As expected, B1 modifies the treatment effect the most, followed by B2. Both of their variable importance measures are found to be significantly different from zero (using a 5% significance threshold) at the nominal level and after adjusting for multiple testing. As patients’ B1 and B2 values marginally increase, so too does their benefit from being assigned to the treatment condition over the control condition. The remaining biomarkers’ variable importance parameters are not significantly different from zero at the same level of significance. There is insufficient evidence to categorize them as predictive.
The assumed full-data and observed data-generating processes are identical to those of the continuous outcome save that \(Y^{(0)}, Y^{(1)}\) and \(Y\) are binary random variables.
The full-data parameter of interest looks slightly different from the continuous outcome scenario to reflect the use of a binary outcome. We target \(\Psi(P_X) = (\Psi_1(P_X), \ldots, \Psi_p(P_X))\) where \[ \Psi_j(P_X) = \frac{\mathbb{E}_{P_X}\left[\left(\mathbb{P}_{P_X}(Y^{(1)} =1| W) - \mathbb{P}_{P_X}(Y^{(0)} = 1| W)\right)B_j\right]} {\mathbb{E}_{P_X}\left[B_j^2\right]} \] for centered biomarkers indexed by \(j = 1, \ldots, p\). Assuming a linear relationship between the difference of the potential outcomes’ probability of success and the covariates, this variable importance parameter consists of the simple linear regression coefficients of the difference in the conditional potential outcome success probabilities regressed on each biomarker. While the true relationship between potential outcome probabilities and covariates is again unlikely to be linear, this parameter is telling of biomarkers’ predictive capacities. Biomarkers with the largest absolute values will correspond to those that meaningfully modify the treatment effect. In truth, this is the same variable importance parameter as the for continuous outcomes, but written in a more intuitive form.
As in the continuous case, this parameter can generally be estimated from the observed RCT data under non-stringent assumptions about the data-generating process. Inference is in fact based on the same estimator used for continuous outcomes, and so we again use unicate() to learn about the biomarkers’ marginal importance in regards to binary treatment effect modification. For details, please review the manuscript. We do not provide an example since it would be nearly identical to that given in the previous subsection.
We perform an RCT where the outcome of interest is a right-censored time-to-event outcome. We consider \(n\) i.i.d. copies of the full-data random vector \(X = (W, A, T^{(0)}, C^{(0)}, T^{(1)}, C^{(1)})\) distributed according to \(P_X\) where \(W\) and \(A\) are defined as in the continuous outcome case. \(T^{(0)}\) and \(T^{(1)}\) correspond to the event times under control and treatment conditions, and \(C^{(0)}\) and \(C^{(1)}\) correspond to the censoring times under control and treatment conditions.

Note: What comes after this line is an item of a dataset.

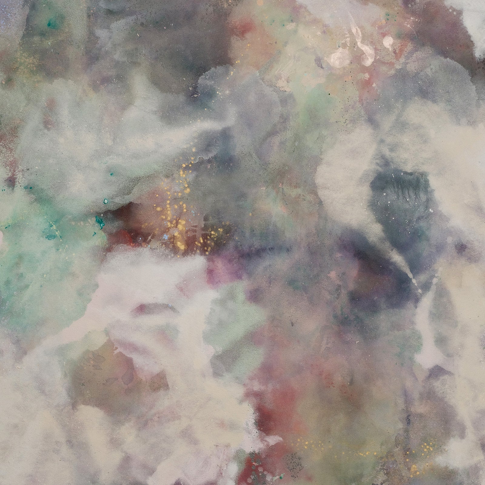 Gabs translates this phenomenon through silver sparkles layered on lighter works and yellow dots dispersed across darker canvases, evoking the presence of fireflies. The interplay of dark and luminous hues reflects the gradual shift between day and night, while the translucent layers capture the essence of twilight’s soft glow.

As before, the full-data random vectors are never observed; instead, we observe \(n\) i.i.d. copies of \(O = (W, A, \Delta, \tilde{T})\) distributed according to \(P_0\). Here, \(\Delta\) is a censoring indicator and \(\tilde{T}=(1-A)\;\text{min}(T^{(0)}, C^{(0)})+A\;\text{min}(T^{(1)}, C^{(1)})\) is the last measurement time.
In this scenario, our variance important parameter is a function of the treatment effect on survival at time \(t_0\). Recall that survival at time \(t_0\) in the full-data is defined as \(S^{(A)}(t_0|W) = \mathbb{P}_{P_X}(T^{(A)} > t_0 | W)\). The target parameter is then represented by \(\Psi(P_X; t_0) = (\Psi_1(P_X; t_0), \ldots, \Psi_p(P_X; t_0))\) where \[ \Psi_j(P_X;t_0) = \frac{\mathbb{E}_{P_X}\left[\left(S^{(1)}(t_0|W)-S^{(0)}(t_0|W)\right)B_j\right]} {\mathbb{E}_{P_X}\left[B_j^2\right]} \] for centered biomarkers indexed by \(j = 1, \ldots, p\). Similarly to the binary outcome scenario, this variable importance measure assumes a linear relationship between the contrast of survival outcomes at time \(t_0\) and each biomarker, and consists of the simple linear regression coefficients of this contrast regressed on each biomarker. Again, while the true relationship between the difference in survival probabilities and biomarkers is unlikely to be linear, it provides a metric by which to evaluate biomarkers’ abilities to modify treatment effects on the absolute scale.
As with the other variable importance metrics, this parameter can often be estimated from the observed data in a RCT. The estimator of this parameter is implemented in the sunicate() function. Under the assumption that the censoring mechanism is consistently estimated by our procedure, the sunicate() estimator is consistent and asymptotically linear. Valid statistical inference about the strength of biomarkers’ treatment effect modification is therefore made possible with survival outcomes.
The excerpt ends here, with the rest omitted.